Task item: Only the lines below from the one that contains "Amazon Com Checkered" through the one that contains "項目配套的三管自立式鋼煙囪,是國能中電引" should appear in your answer, exact and without pictures.

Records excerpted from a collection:
· · · ·
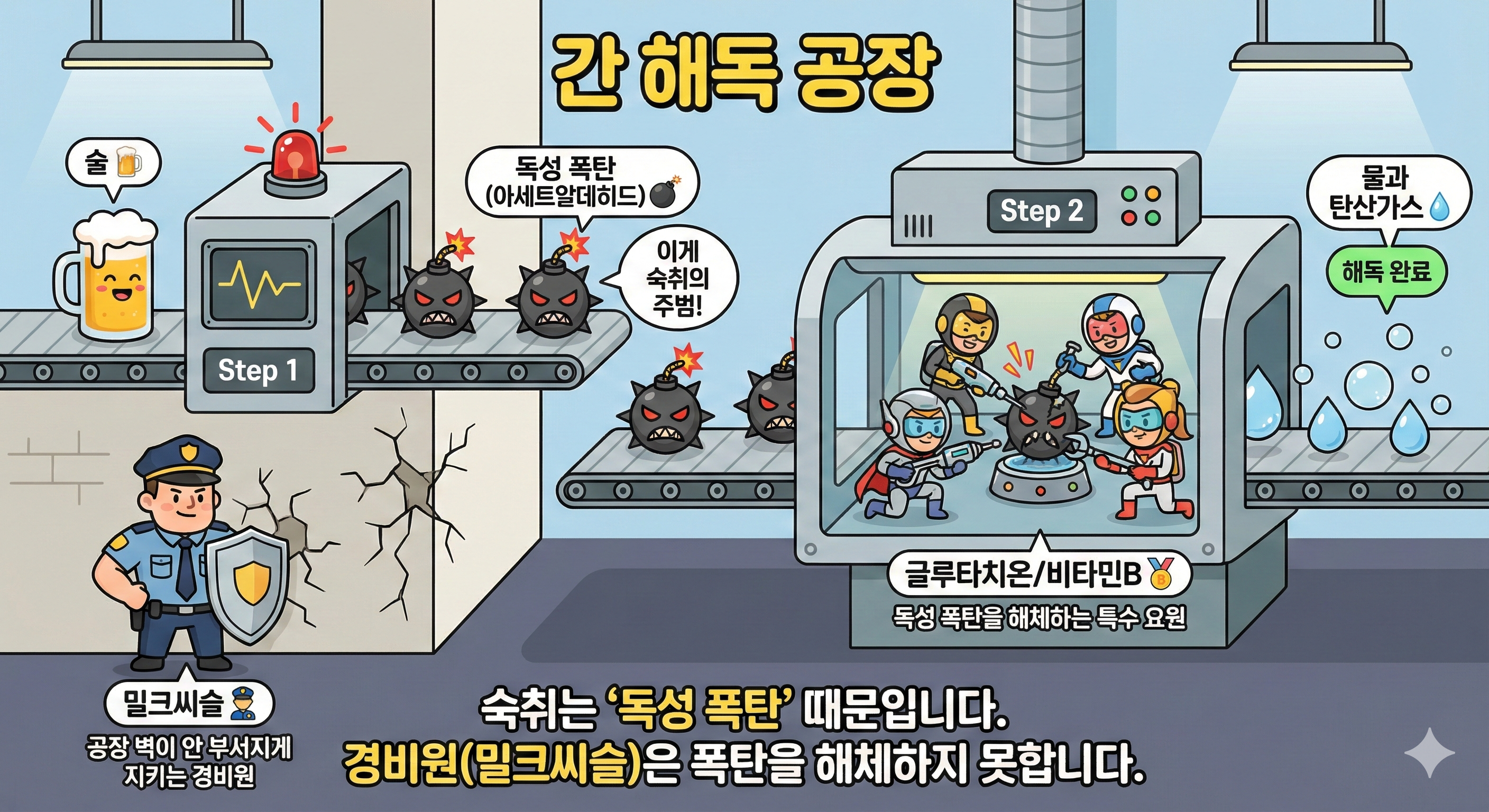 즉, 술을 빨리 깨려면 경비원(밀크씨슬)이 아니라 특수 요원(글루타치온, 비타민B)을 투입해야 합니다.
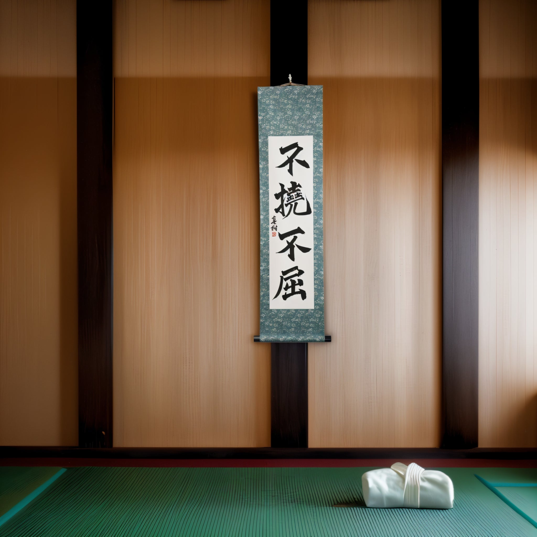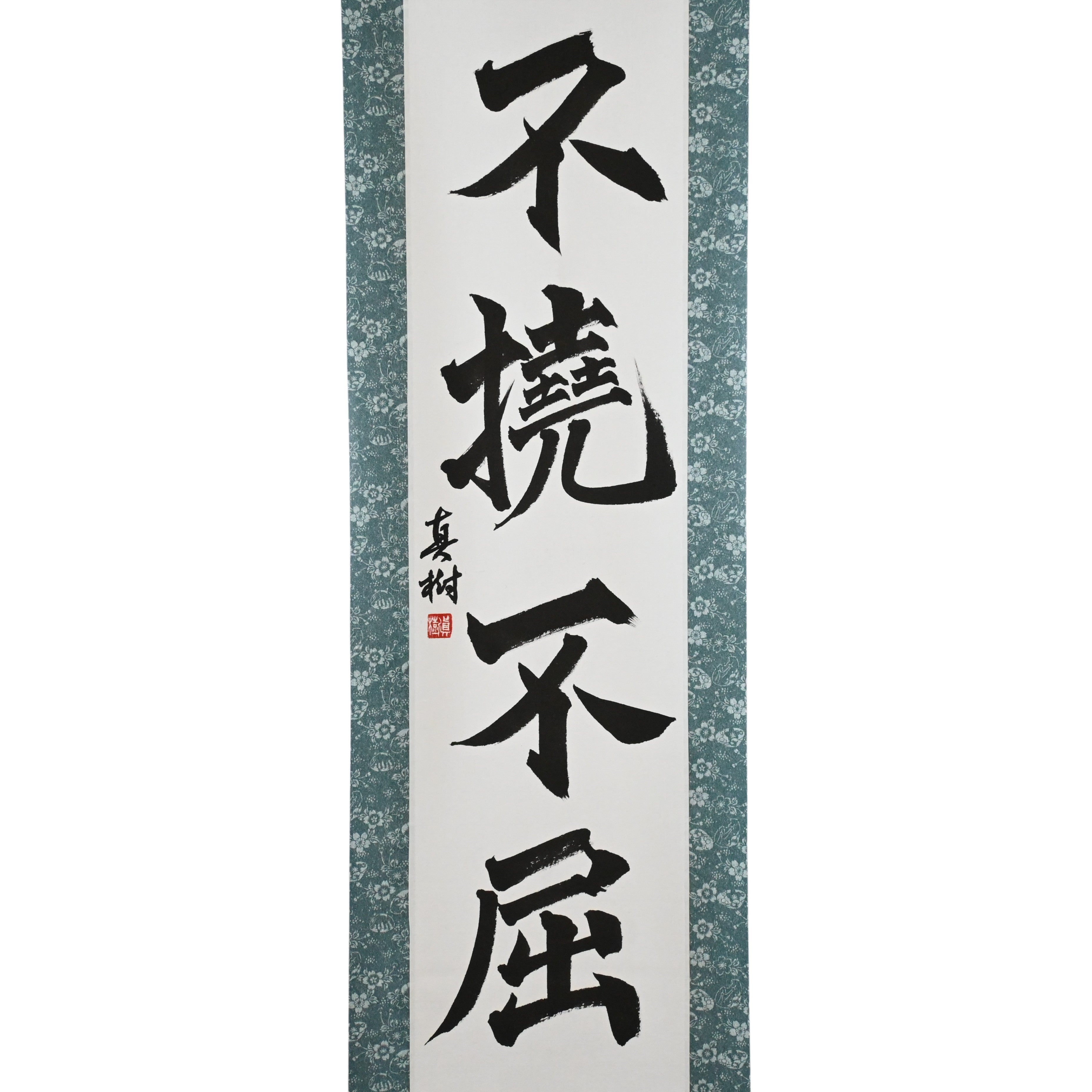 This Japanese calligraphy scroll features the bold phrase 不撓不屈 (Futō Fukutsu) — a powerful expression of the indomitable spirit that lies at the heart of Japanese martial arts and the Samurai code.
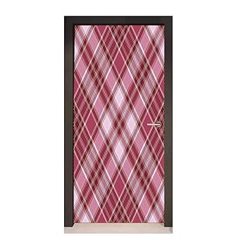Amazon Com Checkered 3d Door Sticker Diagonal Checkered Pattern
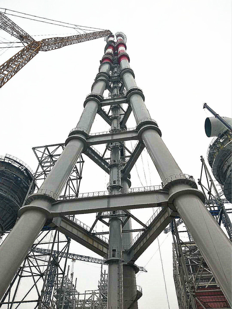 項目配套的三管自立式鋼煙囪,是國能中電引進日本三菱多管自立煙囪技術,并整合了日本鈦板貼襯技術建設而成,煙囪內徑4.5米,高度180米,分7層,總重2108t。三管自立式鋼煙囪結構合理、造型美觀。三根鋼管煙囪按正三角形布置,通過三角形鋼梁進行剛性連接,形成集束式穩定結構,每個煙囪由多個直段拼接成流線型曲線。通過整體空間結構來共同抵抗地震荷載、風荷載及其它荷載,整個煙囪結構形體規則,各向受力均勻,造型簡潔、美觀,全面融入了現代氣息和建筑美學的設計理念。自2018年8月12日開始施工建設,采用SCC9000/900噸履帶式起重機分七段進行吊裝,在參建各方的共同努力下,歷時135天,于2018年12月25日順利吊裝到頂。
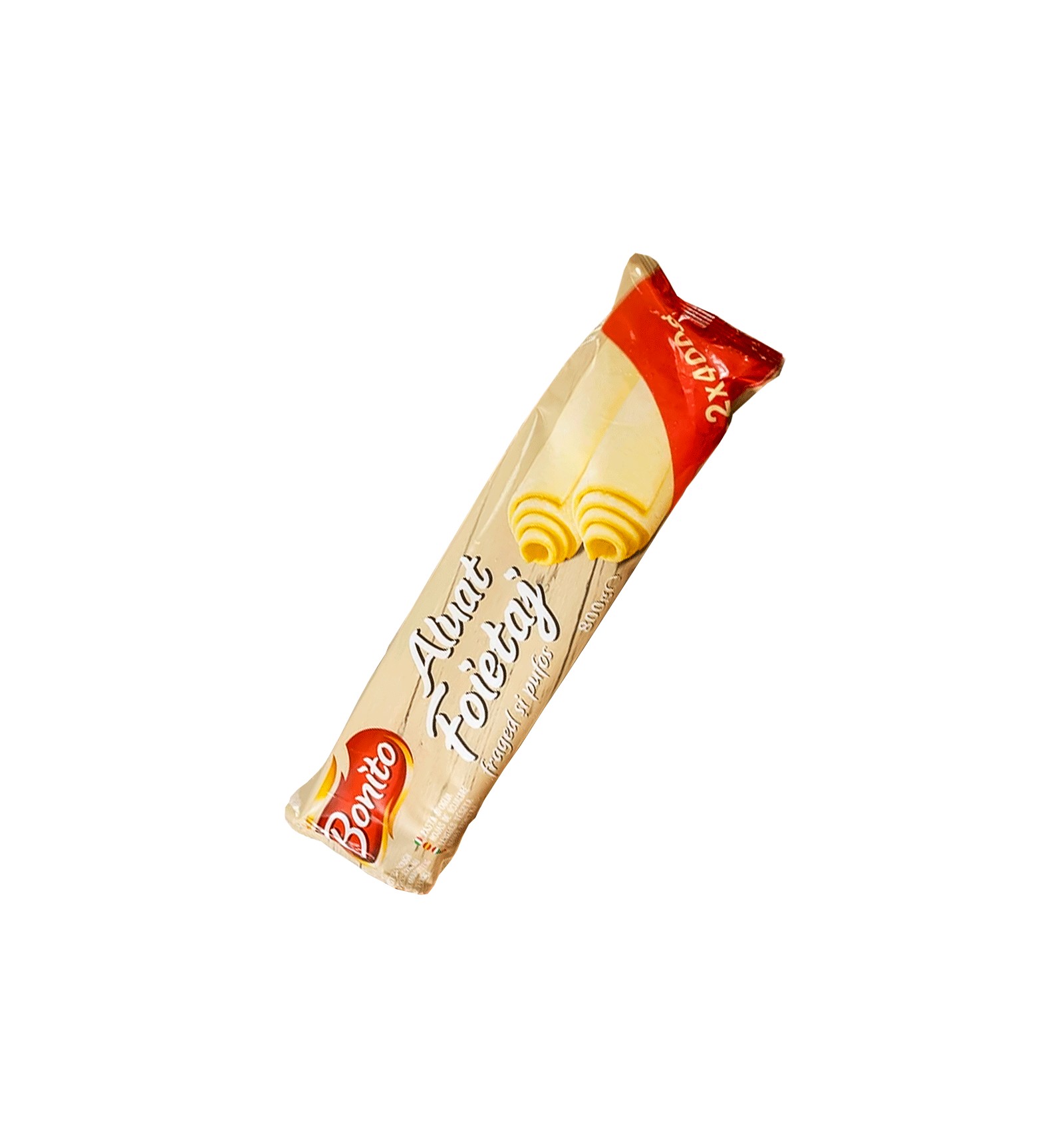 Ingrediente: faina alba de grau, margarina vegetala [uleiuri vegetale rafinate in proportii variate (palmier, floarea soarelui), apa, emulsifianti: lecitine de floarea soarelui, mono- si digliceride ale acizilor grasi, sare iodata, acidifiant: acid citric, antioxidanti: extract bogat in toceferol, palmitat de L-ascorbil, aroma, colorant: caroteni], apa, zahar, sare iodata. Poate contine urme de lapte, oua, soia, arahide, fructe cu coaja lemnoasa, seminte de susan.
· · · ·
Answer space:
Amazon Com Checkered 3d Door Sticker Diagonal Checkered Pattern
 項目配套的三管自立式鋼煙囪,是國能中電引進日本三菱多管自立煙囪技術,并整合了日本鈦板貼襯技術建設而成,煙囪內徑4.5米,高度180米,分7層,總重2108t。三管自立式鋼煙囪結構合理、造型美觀。三根鋼管煙囪按正三角形布置,通過三角形鋼梁進行剛性連接,形成集束式穩定結構,每個煙囪由多個直段拼接成流線型曲線。通過整體空間結構來共同抵抗地震荷載、風荷載及其它荷載,整個煙囪結構形體規則,各向受力均勻,造型簡潔、美觀,全面融入了現代氣息和建筑美學的設計理念。自2018年8月12日開始施工建設,采用SCC9000/900噸履帶式起重機分七段進行吊裝,在參建各方的共同努力下,歷時135天,于2018年12月25日順利吊裝到頂。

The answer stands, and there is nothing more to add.